Everything was okay in the kitchen. I did think it looked a little dark out there this morning. When I turned the light off for a better look, Boy, it was misty. I took some Kodak snaps of the view. The pictures came out much lighter than they looked to the naked eye. When I opened the window, I was in double shock. One was seeing myself in the mirror’s reflection and how pale I looked, and then I saw the clock. It was only 03:30hrs. So, I’d only be in bed for two hours. I’ll suffer later in the day but will try to stay awake. Tsk! It was drizzling outside, and a hazy mist lingered at ground level in the darkness. At that moment, I felt pretty perky. But that didn’t last for long!
Then I realised I’d left the nocturnal pouch in the wet room and had not emptied it as I thought I had. So, I emptied it. It did seem the logical thing to do. Not too bad a colour, but a few minutes later, when Carer Richard turned up, he said it was a five. Medications were given, and he checked the stock available. He could not ring the District Nurses about my shortage of Catheter bags cause it was too early, and he was on his last call with me.
I had a go at the blog after Richard had left, but I was soon getting all het-up again! CorelDraw
was not saving anything with a new name. Oh, dear, now I’m sinking in spirit!
This soon became a Dracula Depression when the SD card reader started playing up. A CorelDraw message told me, “An IO fault was stopping CorelDraw from recognising the unknown file.” Of course, I had no idea what an IO fault meant. So I went on Google and asked. “It is usually a fault with a material connection, but it can mean anything else!”
I see! Well, I didn’t really.
I gave up and started the ablutioning. Which went very well indeed. In fact, getting the diabetic night socks off was the most challenging part. No, no, it was the second most challenging part. I did the peripheries first, then the medications. Little Inchies Fungal Lesion was the most painful job. Second was getting the socks off. I stood in a bowl with some disinfectant and shower gel in hot water and started to get the shaving done. A body scrub, then the teeth were done. Rear-end Germolened, Folds of flesh acne & eczema ointmented. The nasal spray was sprayed, and eye drops were inserted and sprayed with the Mydriacyl®. The barrier cream was applied to the testicles, underarms and leg tops. Phorpain Gel is rubbed into the knees and cartilage areas on both legs. Olive oiled the earholes, and then I had a good clean-up of the wetroom…
Mop
, as I lost my balance and grabbed a hold of the nearest solid support available; the sink and the mop is now in two pieces.
I could not believe my rotten, never-ending, lousy luck, but it happened to me! However, up to this point, I still think today has been lucky for me.
I try to explain my ailments and problems to people, and while I feel ignored, I can understand folks being disbelievers. I really can.
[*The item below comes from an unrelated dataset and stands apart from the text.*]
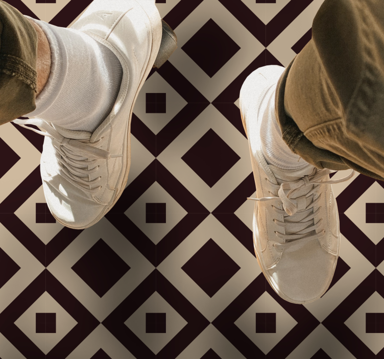 Dette er et vinyl teppe i vintage stil med illustrasjonen av beige kvadratmønster, ideelt for gulvet på badet, kjøkkenet, stuen, spisestuen eller et annet sted å se fornyet på få minutter med et kvalitetsprodukt.

I would not have believed myself thirty years ago. That doesn’t make sense, does it?
I’m back on the computer again. The graphic problems make it hard work, dispiriting, frustrating, and sometimes infuriatingly maddening.
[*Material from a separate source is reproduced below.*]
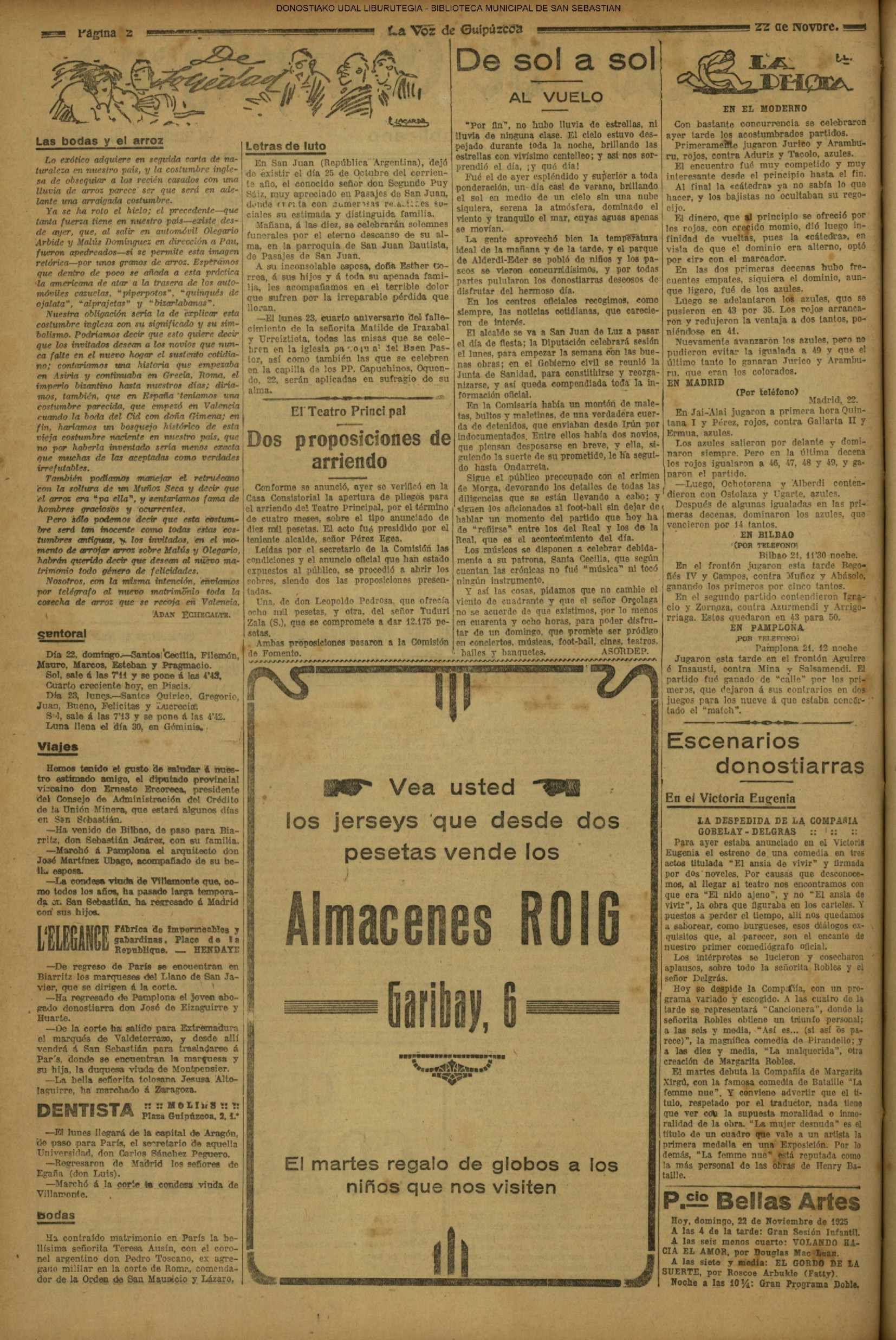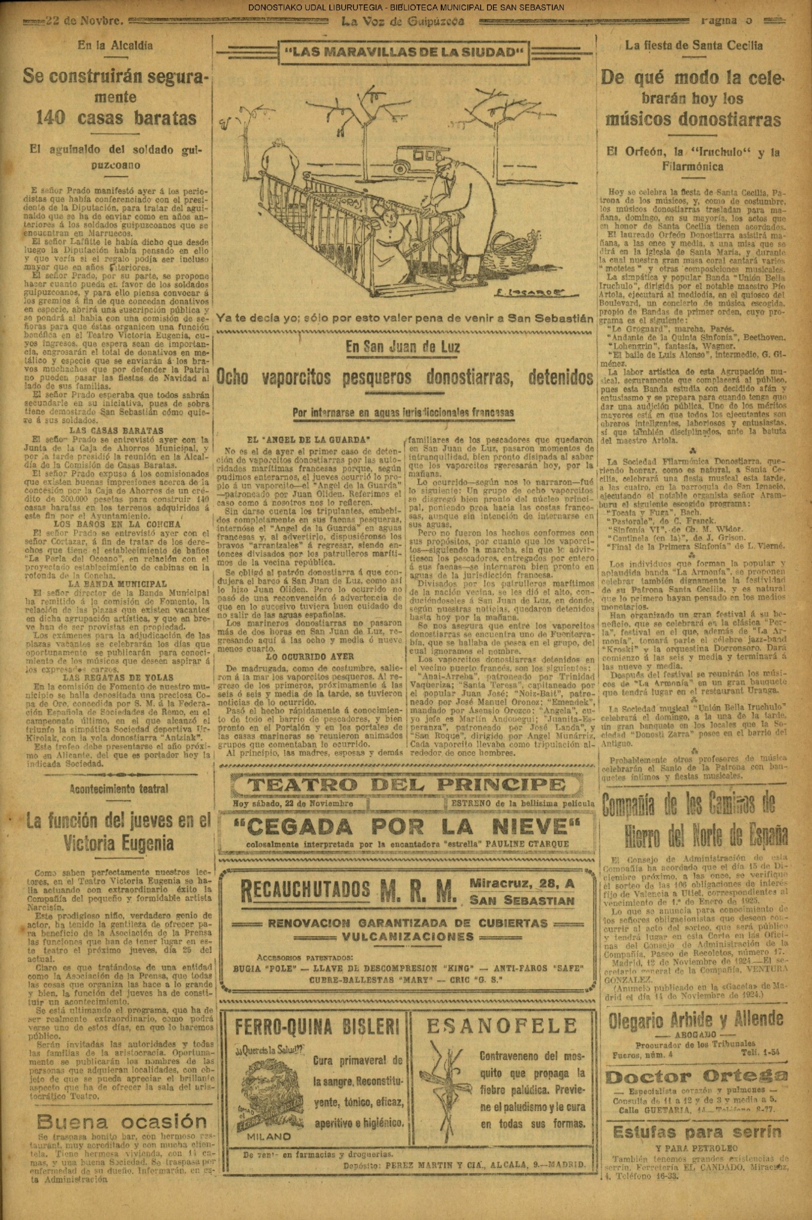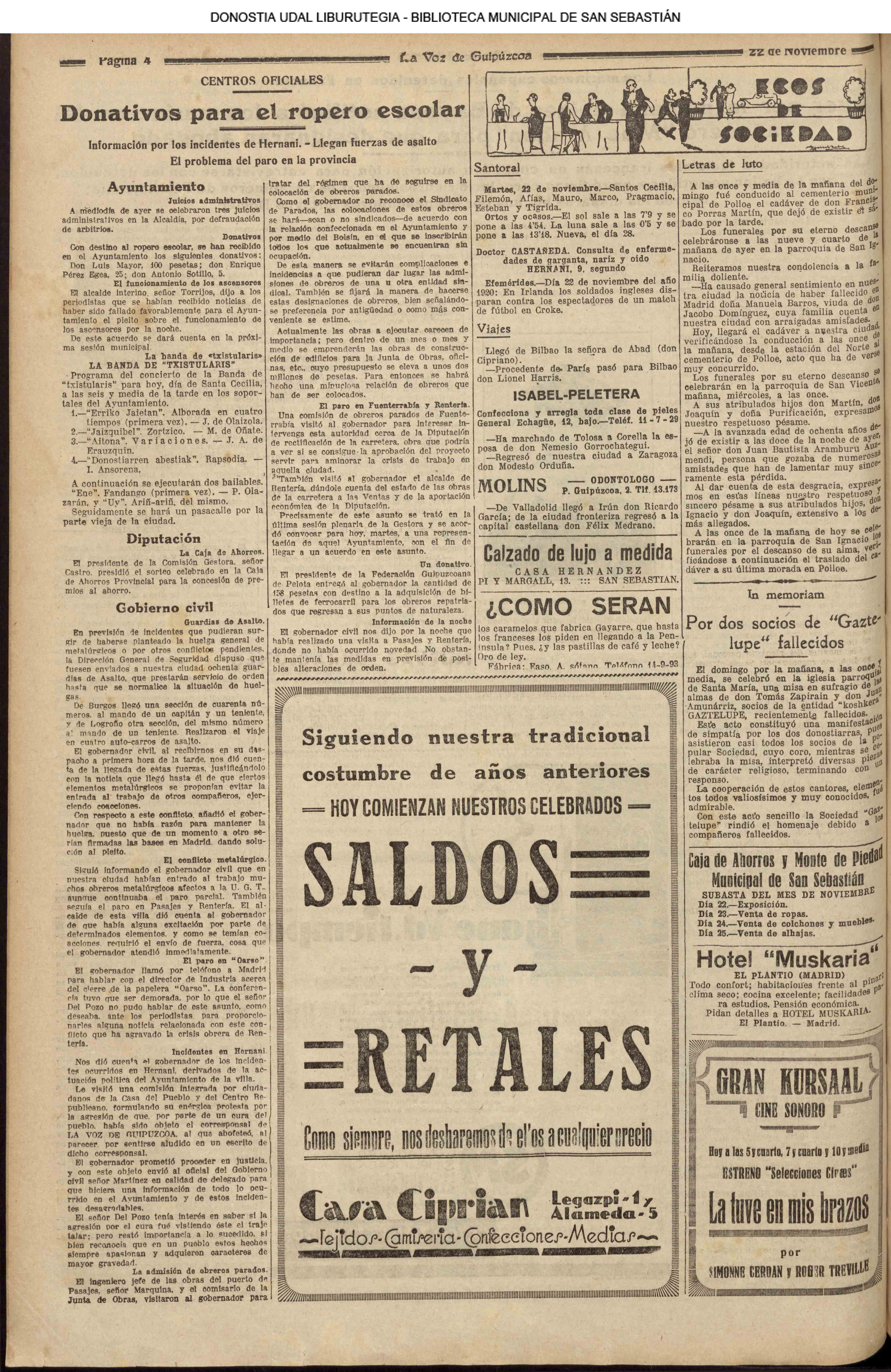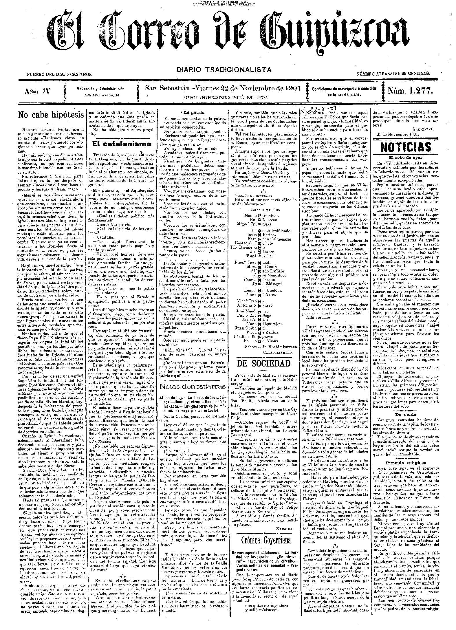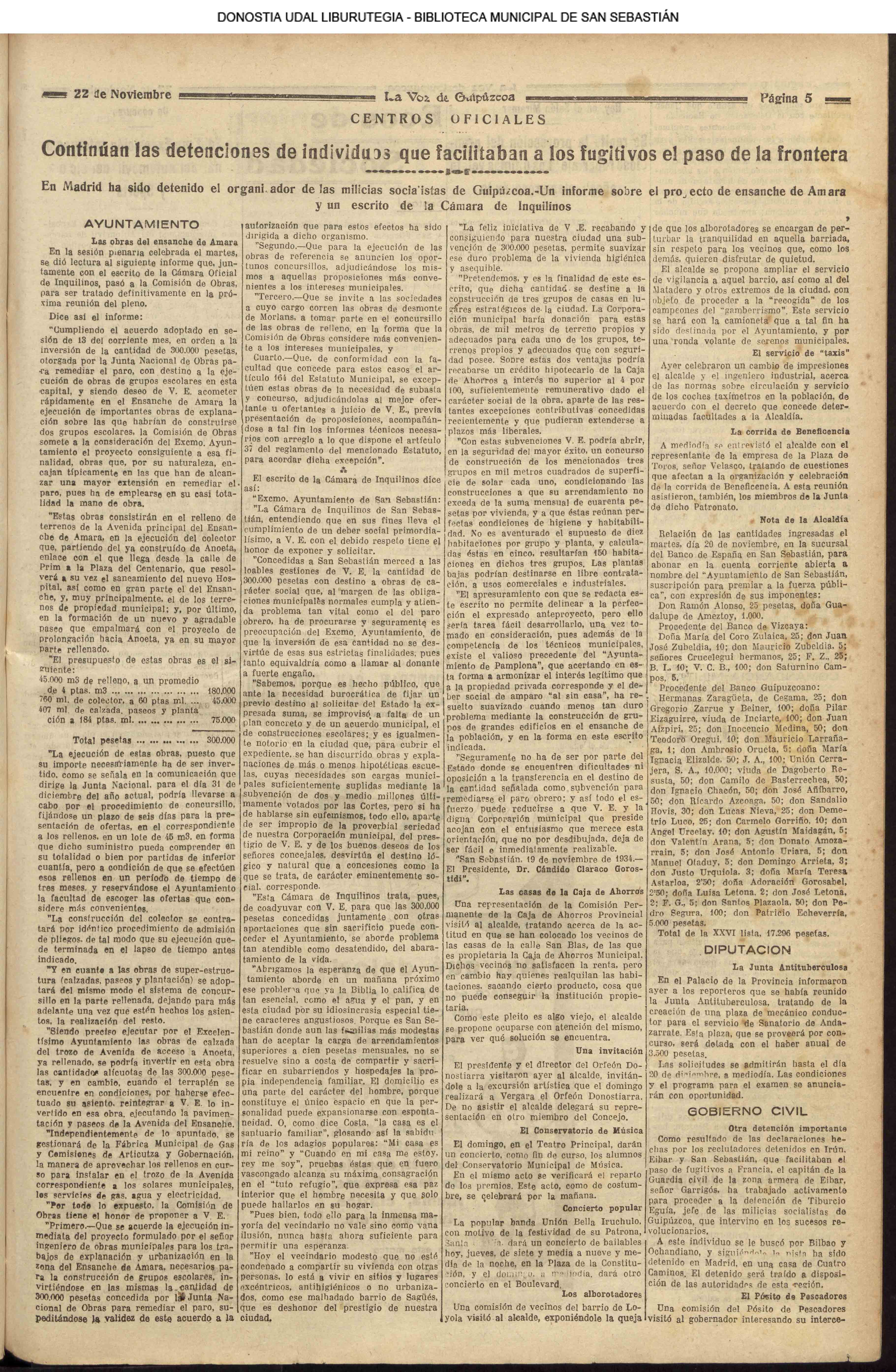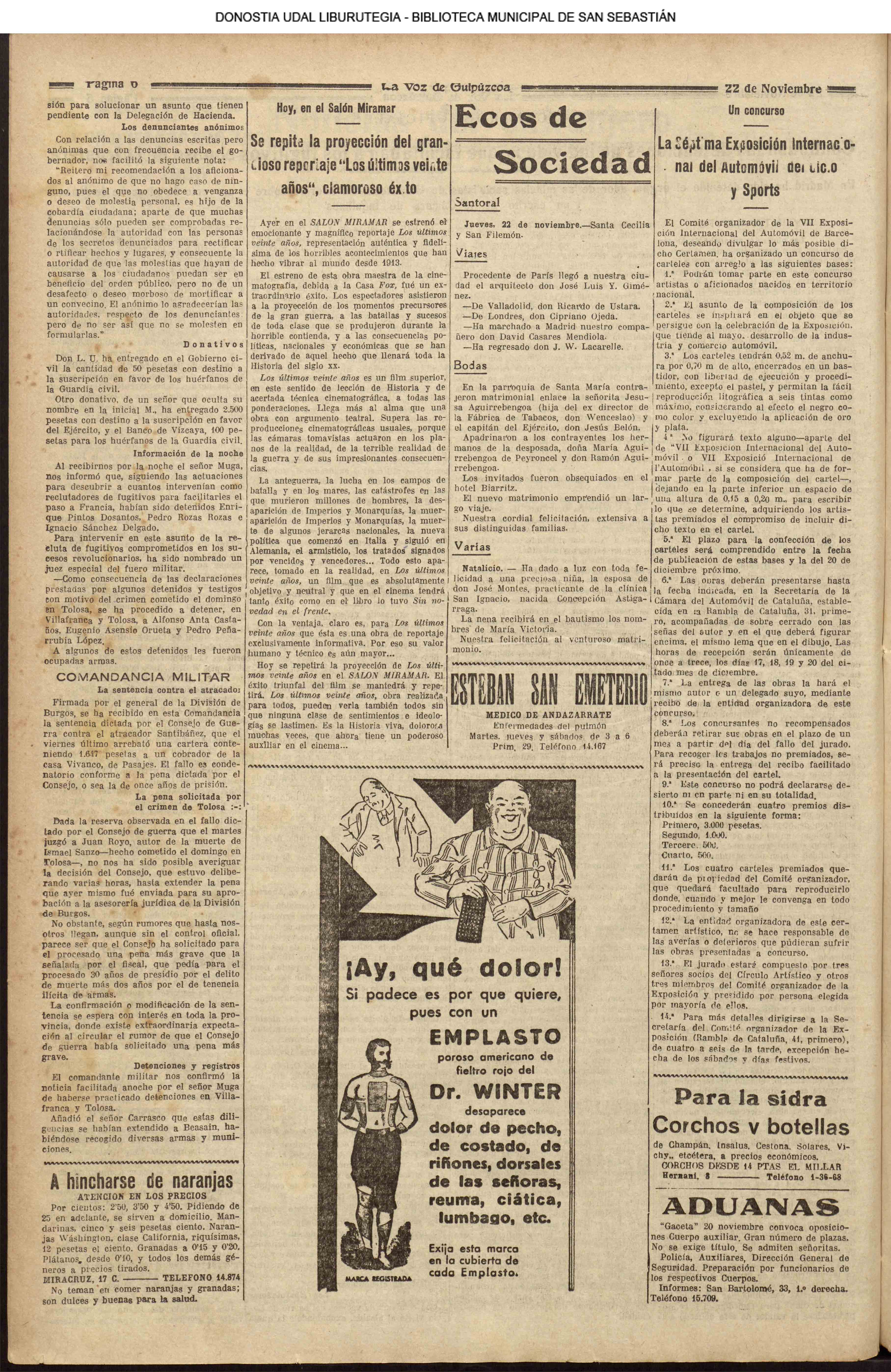(1875) De doce y media à dos tocó en la Alameda la charanga del batallon de Estella y mas tarde ia del regimiento de Luchana en el paseo de Oquendo, que estuvo animado como hacia mucho tiempo no lo veíamos.. (Diario de San Sebastián) HERNANI 21 de Noviembre. - Como los demás dias festivos al toque de diana las baterías carlistas nos han saludado con algunas granadas, continuando sus hostilidades hasta la tarde. (......)(Diario de San Sebastián) .- Salieron de esta plaza en direccion á esa capital cuatro compañias del excelente ba tallon cazadores de Puerto Rico, y hoy à las ocho ha salido el resto de dicha fuerza con su digno jefe el toniente coronel Sr. Solano. Es-tos valientes cazadores han sido 73 dias nues-tros compañeros de armas, cúpoles su parte de sufrimiento en la voladúra de nuestro Con-sistorio, y han prestado excelentes servicios, dejando en esta villa grandes simpatías por su buen comportamiento. (Diario de San Sebastián) # El general Trillo con su estado mayor, ayu-dantes y escolta dió un paseo militar á Igueldo despues de la misa del cuartel general, regresando de su expedicion á las tres y media de la tarde. - Ha venido en su reemplazo entre nosotros el batallon reserva de Huesca. # A las cuatro y media de la tarde llegó el vapor-correo de Santander conduciendo la correspondencia general de la peninsula. (Diario de San Sebastián) Una musica de paisanos, compuesta de ele-mentos de la antigua Euterpe, y las actuales charangas de Voluntarios, tocó anoche en los arcos del Consistorio en celebracion de la fes-tividad de su patrona Santa Cecilia, (Diario de San Sebastián) |

Carer Chloe arrived. I meant to ask her to get the socks on my legs. It’s getting nippy in here now. The fog is still out there, and the odd fine shower is pouring down. But I also wanted Chloe to call and ring the District Nurses to order some more nappies… no, no… I mean catheter bags, nocturnal and short-leg-gay pouches. I’m on my last night bag tonight. I did ask someone last week who did their best but ran out of time, telling me she’d ring later and let me know. She might not be back at work yet. But I can’t run out of bags again… PLLLEASE! It could kill me. (Ah, I see now! Hehe!) Chloe is going to ask Warden Deana if she can help. Do you ever get that feeling that someone doesn’t like you? Fair enough, I’m ready. Well, peeved off! Hahaha!
INCHES BONUS ODES TO LIFE
The mist & rain doth fall,
It looked almost anatomical,
Needing rain is apodictical,
But it’s unpredictable…
Like Earth, it’s apocryphal,
Is nature cerebral?
Aren’t floods terrible?
Nature, we must coddle…
Humankind is daedal,
Nature; extracorporeal,
Life can be excrementitial…
Driving us demential!
What a load of doggerel!
LIFE when one gets DECREPIT
Today was more frustrating than any in the year,
I wanted to be adopted: no one would volunteer,
One grows grumblier, grumpier, grungier…
Life gets klutzier, knottier, & crabbier,
Life does not get cushier but eerier,
Disabilities, we get weaker & wearier,
Ever changing: long gone, it was simpler,
No wonder we get nigglier,
We don’t fit in; we feel lower, freakier.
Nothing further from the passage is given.